Needless to say, our pupils wanted fewer academic lessons, and as many of our pupils have struggled with literacy and numeracy over the years this was not surprising. As pupils would not be able to access their favourite lessons without the expertise and dedication of our teachers building their literacy and numeracy skills, we will continue to provide excellent academic study along with the arts and practical subjects.
What do our parents want for their children?
Our parents/ carers would like their children to learn about life skills, such as cooking, cleaning, gardening, and shopping. From year 1 onwards, our emphasis is on encouraging independence. In key stages 1, 2, 3, 4 and 5 pupils study My Future My World topics. These include: personal health and hygiene; keeping healthy; citizenship; recycling; handling money; gardening; and going shopping with the group. Some parents would like their child to learn about public transport, and what to do if they miss a bus/ train, which can be particularly confusing for our pupils. Pupils learn about this in MFMW topics, and gain confidence on public transport, as well as developing their independent travelling skills in Sixth Form.
Some parents wanted more music to be available.
Parents wanted more humanities in key stage 4. We teach humanities from year 7 to year 10. We also offer a ‘hands on history’ option for year 11, which is more practical in nature, and should appeal to those pupils who enjoy history but not coursework.
Following our ethos for ‘Learning for Life’ we have worked hard to embed careers into all areas of our school curriculum. As part of KS3 and 4 My Future My World we have introduced 6 themed career weeks where different employment sectors are investigated. This will include visits from employers from each relevant sector. These themed weeks will enable pupils to begin to consider their future career paths. At Key Stage 4 we will also host a ‘Careers Day’ which will include sessions from independent careers advisors and visits to places of work. Also as part of the careers programme Year 11 students will undertake a week’s work experience placement with local employers or participate in our world of work week.
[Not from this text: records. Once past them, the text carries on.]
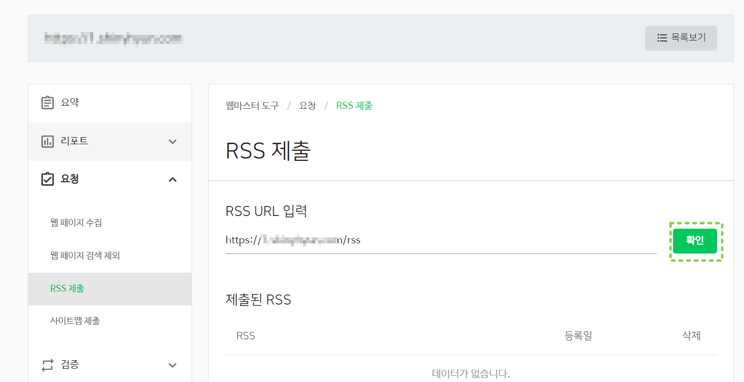 작성 후 확인을 누르면 정확히 하단에 rss 제출이 완료되었다는 메시지가 생성됩니다.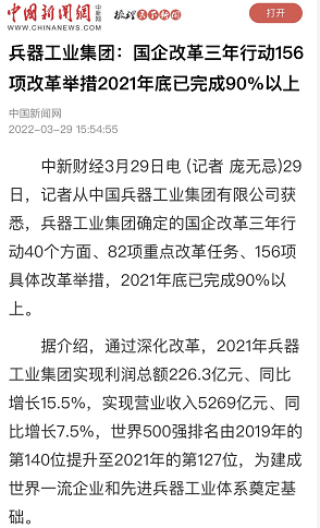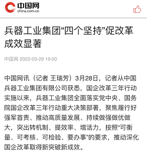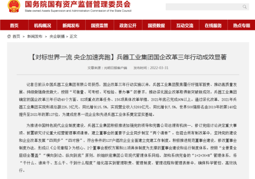 國資委網(wǎng)站:【對標世界一流 央企加速奔跑】兵器工業(yè)集團國企改革三年行動成效顯著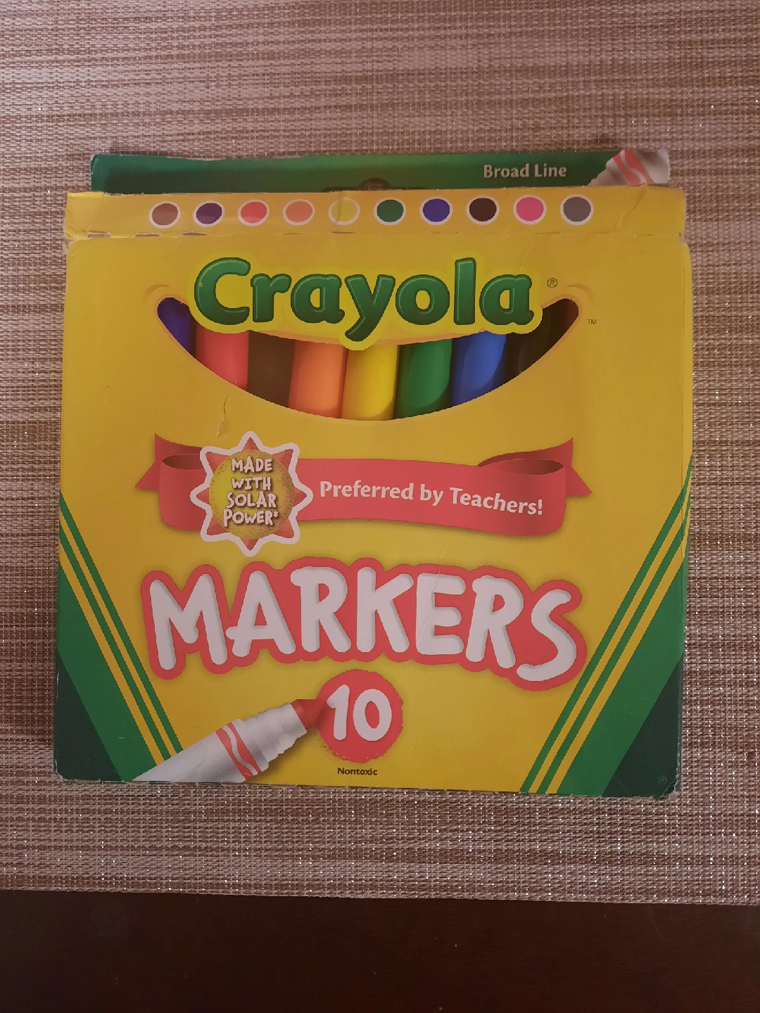 Selling a pack of Crayola Broad Line Markers! This is a 10 pack of non-toxic markers, preferred by teachers. Perfect for all sorts of arts and crafts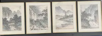 4 schilderijen op papier gesigneerd yuan songnian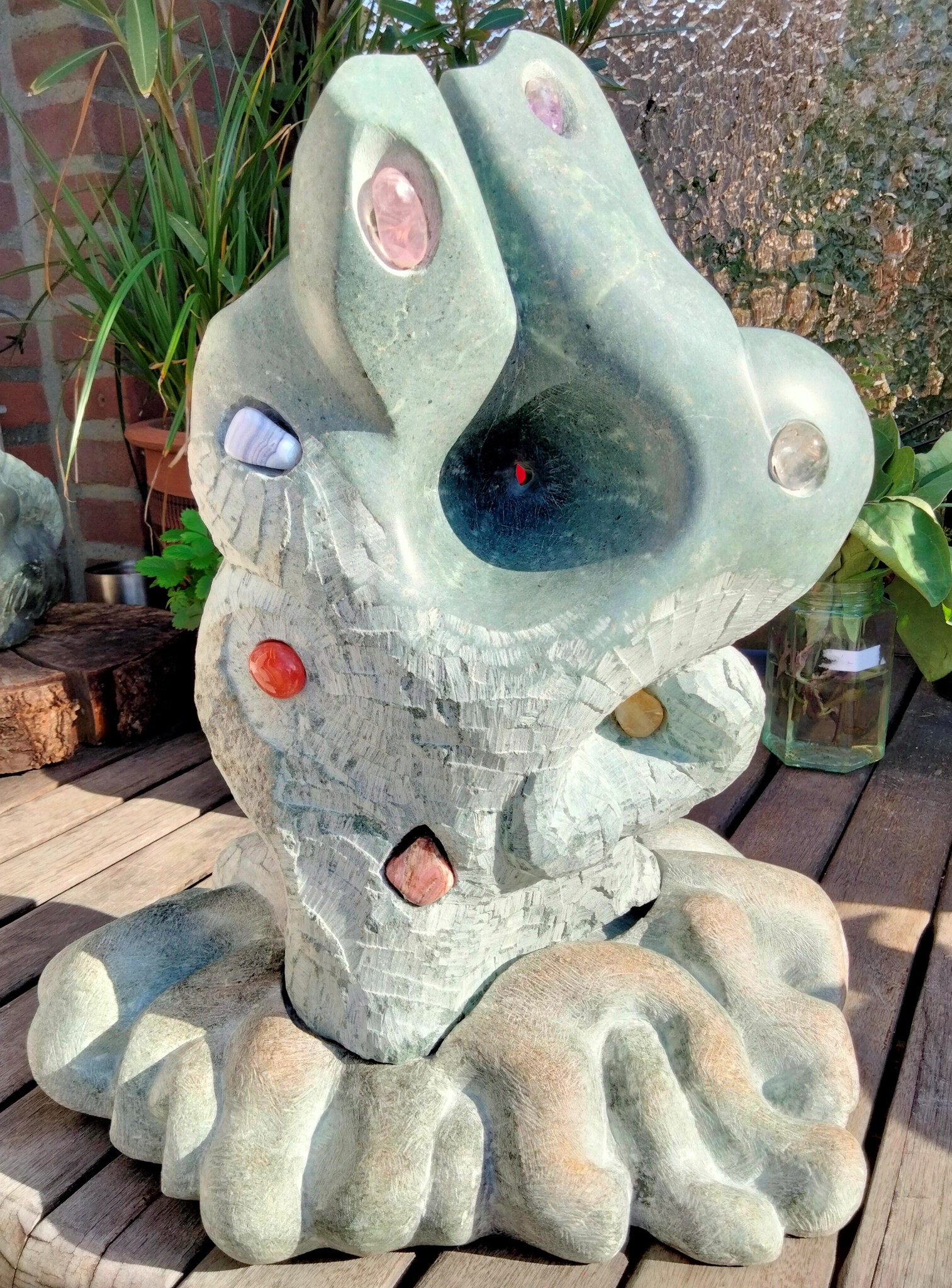 De stenen hebben een werking op de chakra`s en vertegenwoordigen een cirkel van leven in een levensboom. Ik had hem af en zag dat er geen wortels bij zaten. Het losse onderstel heb ik alsnog met wortels gemaakt.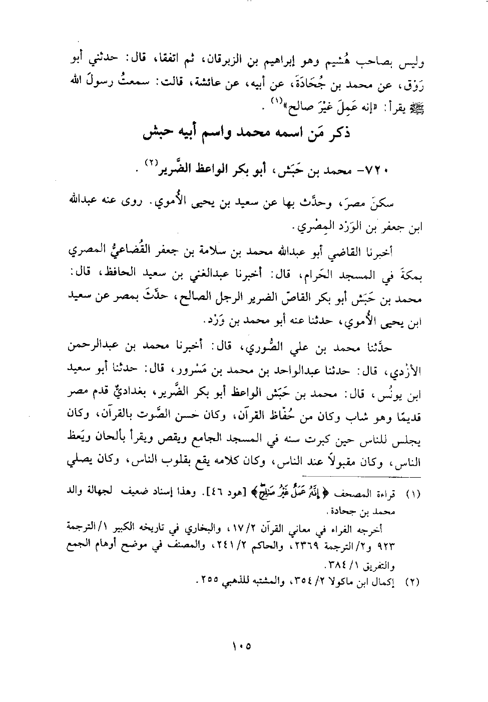 720 - محمد بن حبش أبو بكر الواعظ الضرير سكن مصر، وحدث بها عن: سعيد بن يحيى الأموي.
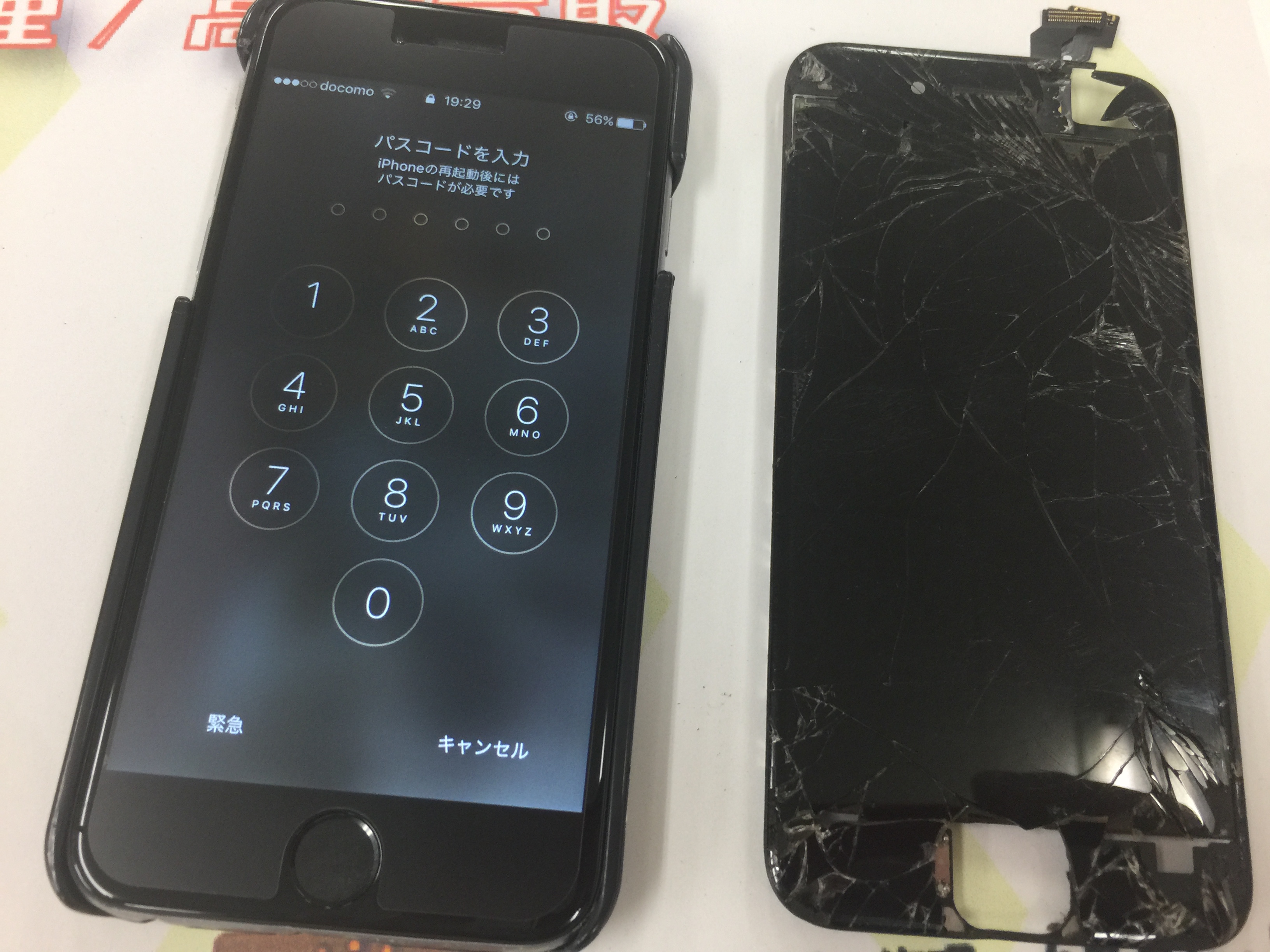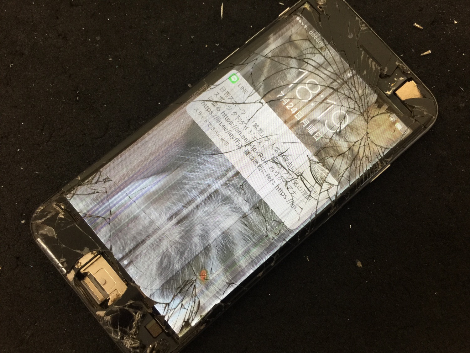 ガラス割れの影響で液晶表示がおかしくなり操作出来ない状態で、ホームボタンも取れてなくなっておりました。

At Key Stage 5 our curriculum is heavily focussed on developing our students’ independence with a focus on employment. All students follow an employability course and choose a vocational course such as Retail, Hospitality, Health and Social Care and Horticulture. These are nationally recognised qualifications.
All Key Stage 5 students have the opportunity to undertake work experience and the school has now formed a partnership with Nightshelter to open a shop and café and our students can gain even more work experience at this setting.
We additionally have 2 career drop down days which focus on mock interviews and CV building as well as a ‘careers fair.
The school has built relationships with outside agencies and we can refer our students as they move on for continued support.